Токи зажмурился, будто пытался выжать из себя первую строку. Успеха, впрочем, не последовало. Вредная Эдна хихикнула.

— Э, девчонки, я так не могу. Где творческая атмосфера? Су, ну правда, ну чего она подслушивает? — Токива надул губы: точь-в-точь капризуля-братишка Дайрысу из Холмистого.

— Ага, — сказала Эдна. — Это пойдет. Это у тебя получилось. Творческая удача. Вот особенно та, предыдущая пауза на десять тактов. А я ее, значит, подслушала. Теперь непременно опубликую под своим именем.

— Давайте работать, — предложила я. — Что за пример вы подаете стажеру? Как не стыдно, а еще мэтры!

Мы снова замолчали. Ребята, похоже, давно набрали темп и нас не слышали — гнали тексты своих передовиц. Токива снова весь сморщился и вдруг выдал — мрачным голосом земного стереоведушего из программы «Абсолютно конкретно»:

— С ногой на небе наш Утес, он страх и голод нам принес!

— Какой голод? — спросила я. — Разве в Империи Межгорья голод?

— Нет, — сказал Токива. — Только страх.
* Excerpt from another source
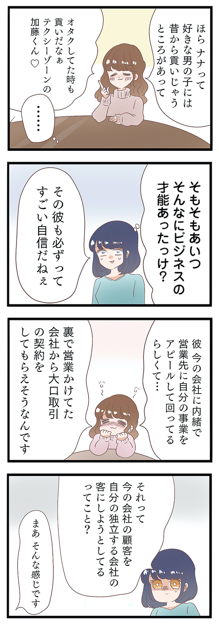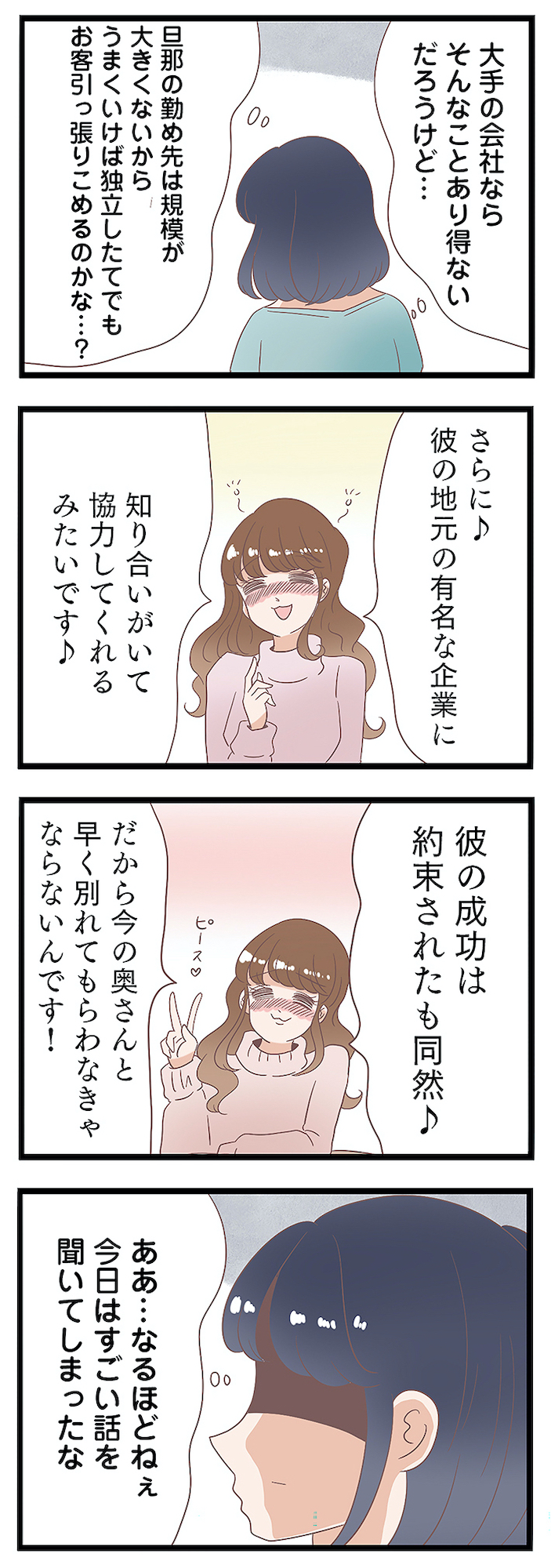 「いいもの録音させていただきました」不倫相手から聞き出した、旦那が考える独立後の“策略”とは?【同僚が私の夫と結婚するらしいので、最高の仕返しを贈ります #12】 2025.11.13 LOVE 不倫試し読みマンガ同僚が私の夫と結婚するらしいので、最高の仕返しを贈ります 試し読みマンガ試し読み 学生時代から7年交際していたリュウタと結婚したイチカ。 仕事も私生活も充実した日々を送っていたが、ある日夫の不倫が発覚! しかも、旦那の不倫相手はイチカが大嫌いな職場の後輩・ナナだったことが判明する。 リュウタの妻の正体を知らずに、恋愛相談をするナナ。イチカは味方を装って証拠を集め、徹底的に2人を追い詰めるようとするが…。 ※本記事はしろみ著の電子書籍『同僚が私の夫と結婚するらしいので、最高の仕返しを贈ります』から一部抜粋・編集しました。 ▶Renta!『同僚が私の夫と結婚するらしいので、最高の仕返しを贈ります』 ▶30日間無料▶ Amazonの読み放題をチェック! 【99円で2カ月間】 Audible が無制限で聴ける! ▶楽天KOBO 初回購入金額のポイント最大70倍! スポンサーリンク 続きを読む 次のページへ >> 1 2 3 【注目の記事】 1番対策が難しかった…!頬のたるみやほうれい線につながるNG食事習慣最後のひとつ 冬の寒さに負けない!そろそろ準備したい中綿アウター×【ユニクロ】バズりデニムの着こなし【40代の毎日コーデ】 【ユニクロ】カシミヤタッチニットで魅せる!旬のブラウンを効かせた洗練肩掛けテク【40代の毎日コーデ】 東大生が注意喚起!「鵜呑みにしてはいけない」SNSで「でたらめの受験情報」を発信する人の特徴とは 「東大受験が簡単!?」な難関私立高出身者。天才たちの受験勉強、その驚きの実態とは この記事は OTONA SALONE1 スポンサーリンク スポンサーリンク 【人気の関連記事】 ハマったら危険!不倫上手な男たちが絶対にしない8つのこと 2016年も残すところあと少しですが、今年はとにかく芸能人の不倫ネタが多かった印象。どうして女性は、傷つくのがわかっているのに不倫に走ってしまうのか。大人の女性たち… 【なぜどく#7 45歳・A子さん編】地方は独身男が少ない!40代でやっと気づいたこと 【なぜ彼女は独身なのか?40代独女の本音 ♯7】アラフォー独身のイラストレーターNobbyさんが、絶賛婚活中の編集長・アサミといっしょに、婚活中の独身女性と「私たちはな… 【なぜどく#8】42歳独女が月額10万のセレブ婚活サロンに登録した結果… 【なぜ彼女は独身なの?40代独女の本音 ♯8】アラフォー独身のイラストレーターNobbyさんが、絶賛婚活中の編集長・アサミといっしょに、婚活中の独身女性と「私たちはなぜ…

Голод в лагерях. Это я для ритма.

Мы снова помолчали. Ничего, кроме этого ритма, не возникало. Да и ритм что-то не завораживал.
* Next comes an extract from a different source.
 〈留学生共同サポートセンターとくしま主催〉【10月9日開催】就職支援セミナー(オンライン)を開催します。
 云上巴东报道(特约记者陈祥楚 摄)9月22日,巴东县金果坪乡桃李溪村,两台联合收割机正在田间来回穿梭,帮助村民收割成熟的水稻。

— Слушай, Токи, — сказала я. — Может, не нужна эта ритмовка, а? Проще никак нельзя?

— Нельзя, — сказал Токива. — Ты ж не в Проект, ты к массам обращаешься. А массы сиры и убоги. Нет у масс культуры, и посему они жаждут хлеба и зрелищ. Или иных развлекалищ. Эта проза народу не нужна. Народ любит стих и песню. А стих — это ритм.

— Вот-вот, давай. Напишем им марш.

— А что. — Токива оживился. — Это идея. «Марсельезу». Даешь межгалактический Интернационал! На чем тут у вас играют — в массах?

— В массах у нас тут не играют, — сказала я. — В массах, как ты верно подметил, только жаждут. А утоляют сию жажду менестрели. Ну, у золоченых, понятно, свои музыканты. Но это — для избранных. От избытка денег.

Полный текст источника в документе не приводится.